Malocclusion refers to teeth that are not in an ideal position, causing problems with the bite. A person may still be able to eat and chew without pain, but over time, malocclusion leads to uneven wear, which makes teeth vulnerable to further problems. Overbite, underbite, crossbite and crowded teeth are all forms of malocclusion.

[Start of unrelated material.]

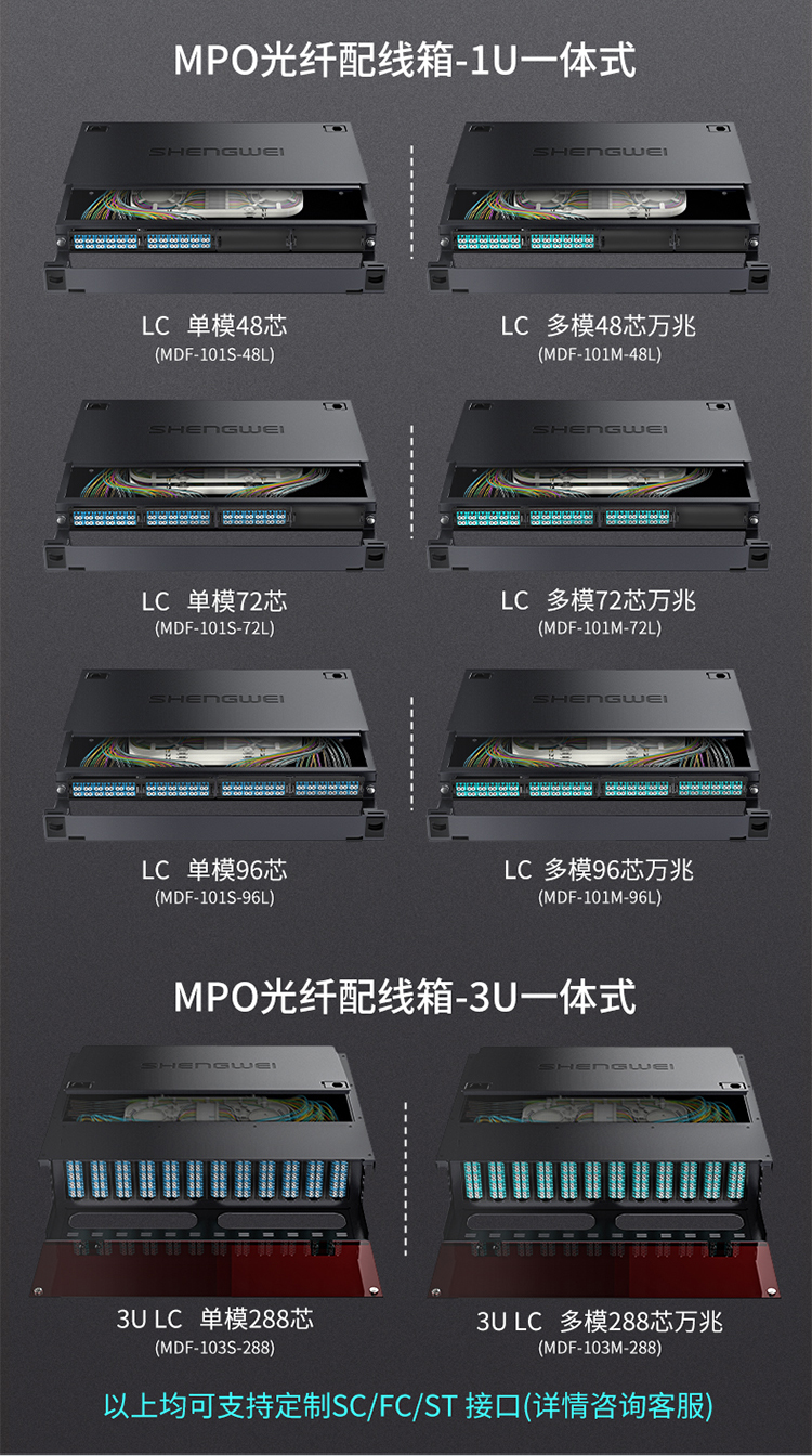 MPO-MTP配線箱 48芯LC萬(wàn)兆 滿配多模萬(wàn)兆OM3高密度光纖續(xù)接盤(pán)配線架熔接分線箱MDF-201M-48L

The Causes of Malocclusion

Malocclusion is often hereditary, but there are other habits and conditions that can change jaw shape and structure.

  • Cleft palate
  • Pacifier use after age three
  • Excessive bottle feeding and thumb sucking in early life
  • Injuries and tumors in the jaw or mouth
  • Impacted or misshapen teeth
  • Poorly fitting braces, fillings or crowns

Symptoms of Malocclusion

The symptoms of malocclusion can vary depending on the severity of the condition and what is causing it. Typically, it presents as:

  • Poor tooth alignment
  • Changes in facial appearance
  • Discomfort when biting down or chewing food
  • Problems with speech, including lisping
  • Mouth breathing

Treatment of Malocclusion

A malocclusion problem is diagnosed through a dental exam and x-rays. A mild malocclusion usually does not require treatment, but more severe forms of the condition may require a referral to an orthodontist. Treatment approaches include:

  • Braces to straighten the teeth
  • Extraction of teeth to relieve overcrowding
  • Capping, bonding or reshaping the teeth
  • A surgical procedure to change the shape of the jaw
  • Plates and wires to make the jaw more stable

Since many cases of malocclusion are inherited, it is difficult to prevent. Parents can ensure proper jaw development by limiting bottle feeding and pacifier use. If the condition does occur, early diagnosis may reduce the length and cost of treatment and result in complete resolution of the problem.